Install this agent skill to your Project

npx add-skill https://github.com/mgiovani/cc-arsenal/tree/main/skills/nanobanana

Metadata

Additional technical details for this skill

author
mgiovani
version
1.0.0

SKILL.md

Nanobanana — Nano Banana Image Generation

Generate and edit images using Google's Nano Banana (Gemini image generation API). This skill handles direct image generation, iterative editing, and expert guidance for integrating the API into codebases.

Core differentiator: A prompt enhancement system that analyzes user intent and project context to craft optimized prompts before calling the API.


Phase 0: Environment Check

Before anything else, verify the environment is ready.

1. Check API key:

bash
echo "${GEMINI_API_KEY:0:10}..."  # Show first 10 chars only (security)
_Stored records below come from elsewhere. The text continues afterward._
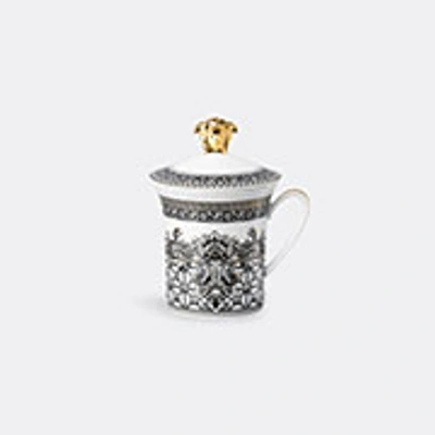 Taken from a limited edition collection of porcelain mugs created to celebrate 30 years of design excellence, this cup by Versace for Rosenthal is a beautiful symbol of the two brands' ongoing collaboration. Like all mugs in the series, this cup features an archival print — here, Donatella Versace's 'Marqueterie' merges the house's signature hallmark of opulence with a contemporary refresh in the shape of a chic black and white contrast. It's all joined by familiar baroque-esque patterns, like filigree, which appear across both the cup and its gold topped lid.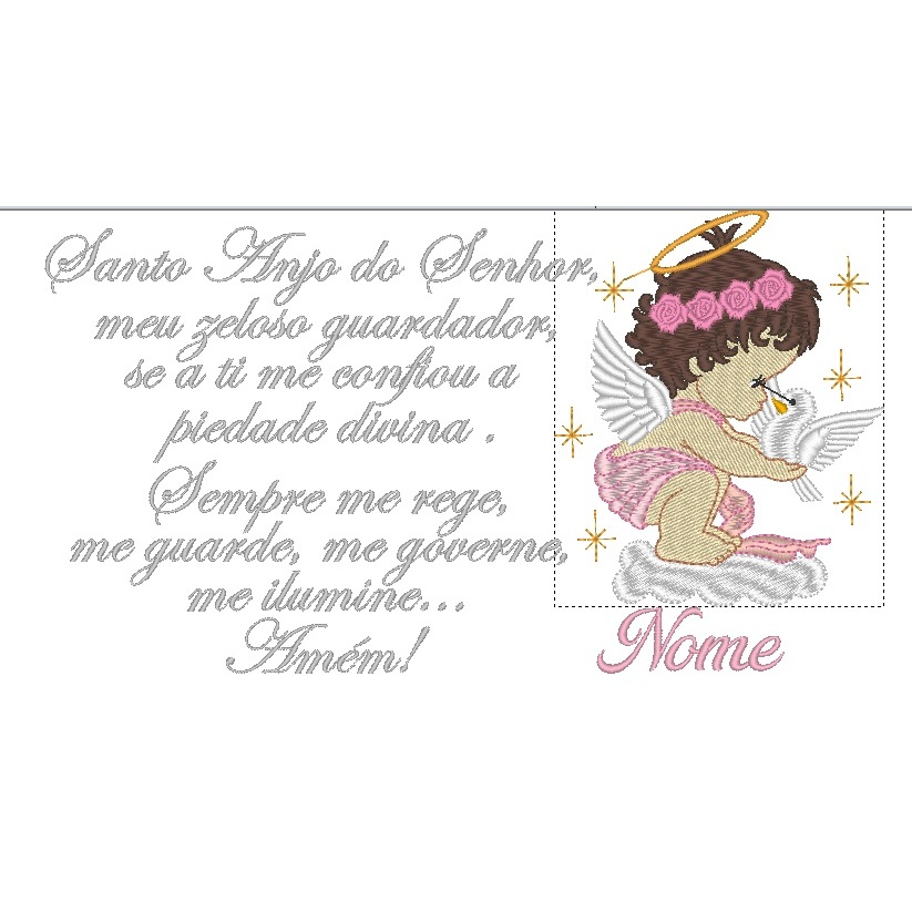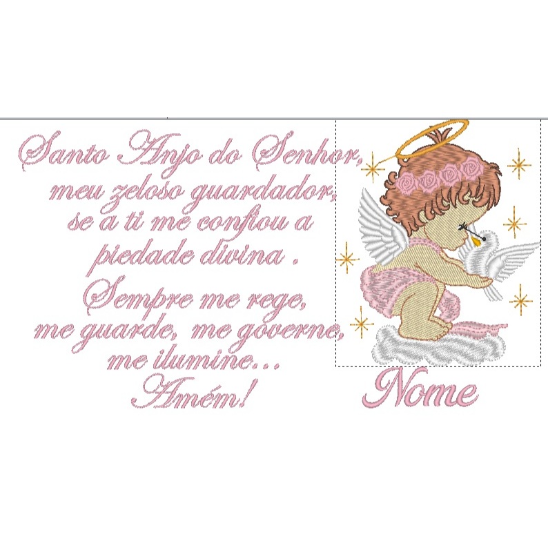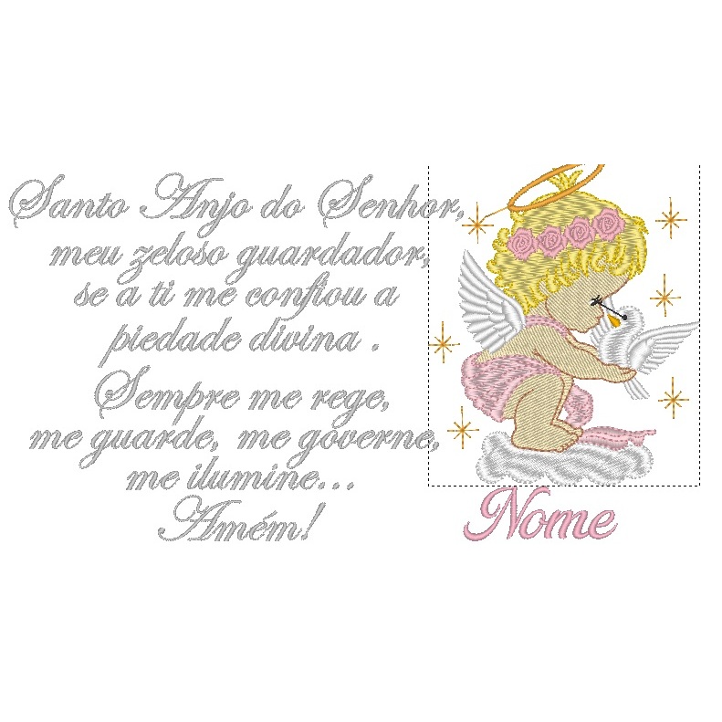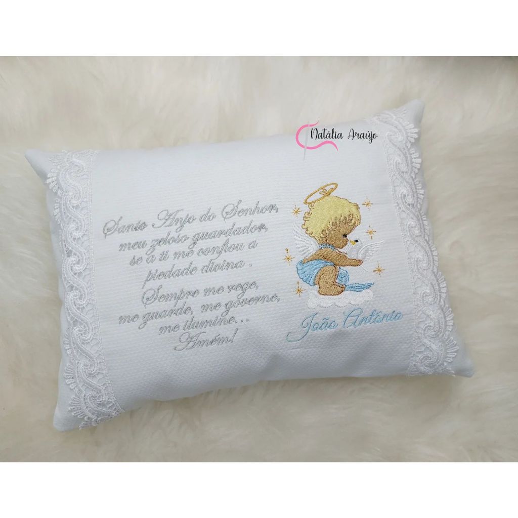 Almofada de Bebê Oração do Anjo da Guarda bordada Personalizada com Nome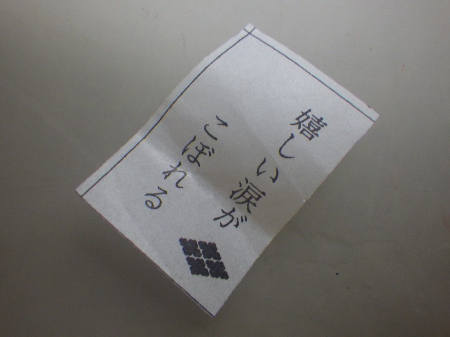 実は先日、フォーチュンクッキーをいただいたのですが、そこに入っていたおみくじに「嬉しい涙がこぼれる」と書かれていました。

If GEMINI_API_KEY is empty or unset:

  • Read references/integration-guide.md (the setup section)
  • Present setup instructions to the user
  • Stop here until the key is configured

2. Check uv is available:

bash
uv --version 2>&1

If uv is not installed, direct the user to https://docs.astral.sh/uv/getting-started/installation/ and stop. uv handles dependency installation automatically via PEP 723 inline metadata — no manual pip install needed.


Phase 1: Understand Intent & Detect Mode

Mine the conversation for:

  • Subject/scene: What is the image of?
  • Purpose: What is it for? (hero image, icon, mockup, blog post, etc.)
  • Style: Photorealistic, illustration, minimalist, etc.
  • Technical requirements: Aspect ratio, resolution, specific dimensions
  • Mood/atmosphere: Energetic, calm, professional, playful, etc.

Detect Mode

Expert Integration Mode — if the user wants to integrate Nano Banana into their codebase (e.g., "how do I add image generation to my app", "show me the API", "I'm building a feature that generates images"):

  • Read references/integration-guide.md
  • Provide SDK examples, authentication patterns, and production best practices
  • Skip to guidance — do not call the API

Generation Mode — if the user wants an image generated now:

  • Continue to Phase 2

Analyze Project Context (Generation Mode Only)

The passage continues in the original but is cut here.